In constructing a discussion between Fuller and the nineteenth century novel characters, I hoped to begin this redefinition of American literature, exploring the voices of these women and allowing Margaret Fuller's voice to bring out different strands of each character. While Fuller mediated the dialogue, she could not contain the opinions of these women as they explored the space for conversation that they lacked in their respective novels. In discussing freedom, issues of race and personal relationships emerged in the conversation, and for the first time these women were actually able to fully express their beliefs. Fuller empowered them to verbalize what their personal "freedom of the universe" would look like. While these descriptions were more poetic than tangible elements of these women's' lives, Fuller gave these characters the power to define their own reality, or at least their ideal reality.

Aunt Sally, Hester Prynne, and Cassy all come to the discussion with wholly different morals and statuses in society, yet Fuller's living room offers them a space of equality where they can engage in heated discussion and yet are not afraid of being dismissed as inadequate because of their gender. Racial tensions arise between Cassy and Aunt Sally, yet both women are given the opportunity to voice their opinions, with Fuller exploring different intellectual interpretations of their words. They no longer have to answer to the male protagonists in their texts; they provide their own answers to Fuller's provocative questions. The women are prompted by Fuller to recognize the kind of "acknowledged" slavery (literal slavery for Cassy) evident in their experiences within the confines of the patriarchal societies constructed in each novel, and thus, as Adrienne Rich so desires, they begin to comprehend "the assumptions in which we [women] are drenched."

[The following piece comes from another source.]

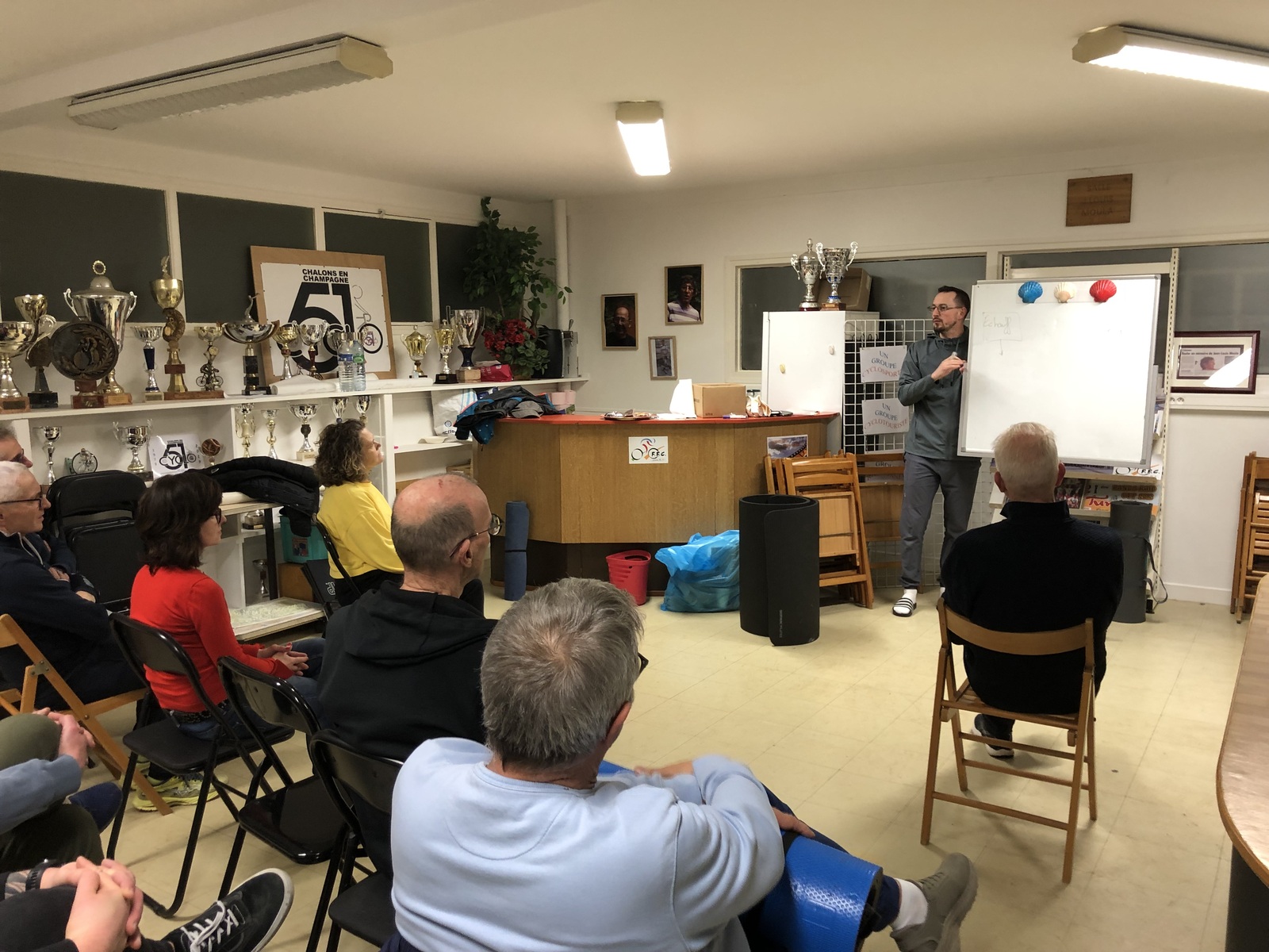 Vendredi 30 janvier, les adhérents du Cyclo 51 ont travaillé avec Kevin Lassale, ostéopathe spécialisé dans le sport,sur les bases d'un bon échauffement avec une phase théorique et une phase d’exercices.

I wrote this text as a woman writing about women for women to read. I am putting my own designs on the reader, feminist designs, and challenging Hawthorne, Twain, and Stowe in their limitations of the female characters in their novels. It will take more than a dialogue for these women to obtain Margaret Fuller's conception of "freedom of the universe." In giving them an intellectual voice and intellectual thought processes, I desired to remove them from the stereotypical female roles they were cast as in their novels and give them brains of their own in addition to simply a room of their own to hold this discussion. In writing this dialogue, I felt a new kind of personal freedom, not only in empowering the characters to speak and think for themselves, but in allowing these women to be in conversation with other women. All of them are in one way or another isolated in their respective novels, and in constructing their conversation, I felt as if I was freeing myself from the feminist anger and frustration I experienced while reading the novels by giving them a sense of female solidarity. I created for them a context of women in which to place themselves, and a context of Fuller's feminist theory with which to reexamine their lives.

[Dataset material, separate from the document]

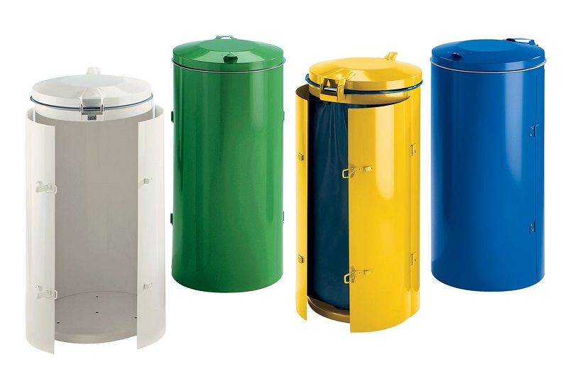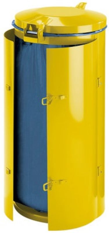 Avfallsbehållare i plåt Ruda, dubbeldörr, gul med metallock, 120 l. För inomhus och utomhusbruk. Robust utförande av galvad stålplåt, som är pulverlackerad i flera olika färger. Med klämring för 120-liters plastsäck och papperssäck. Botten med hål för säker fastsättning, så den inte kan stulen eller liknande. Enkelt att byta sopsäck vilket uppskattas av städarna.

These women could not experience "freedom of the universe" within the constraints of their novels, as they were never given the opportunity for a discussion of what that kind of freedom really means. By setting different constraints on them, Margaret Fuller's ideas and theories, they were able to reach a point where they could establish their own definitions of freedom without being pulled down by the constraints of their societal status. Thus freedom is more than just the ability to manipulate within constraints to create your own reality, but freedom becomes the ability to define yourself, boldly and honestly, despite the inevitable presence of constraints.


Works Cited

Fetterly, Judith. The Resisting Reader: A Feminist Approach to Fiction. Indiana University PressBloomington and London: 1978.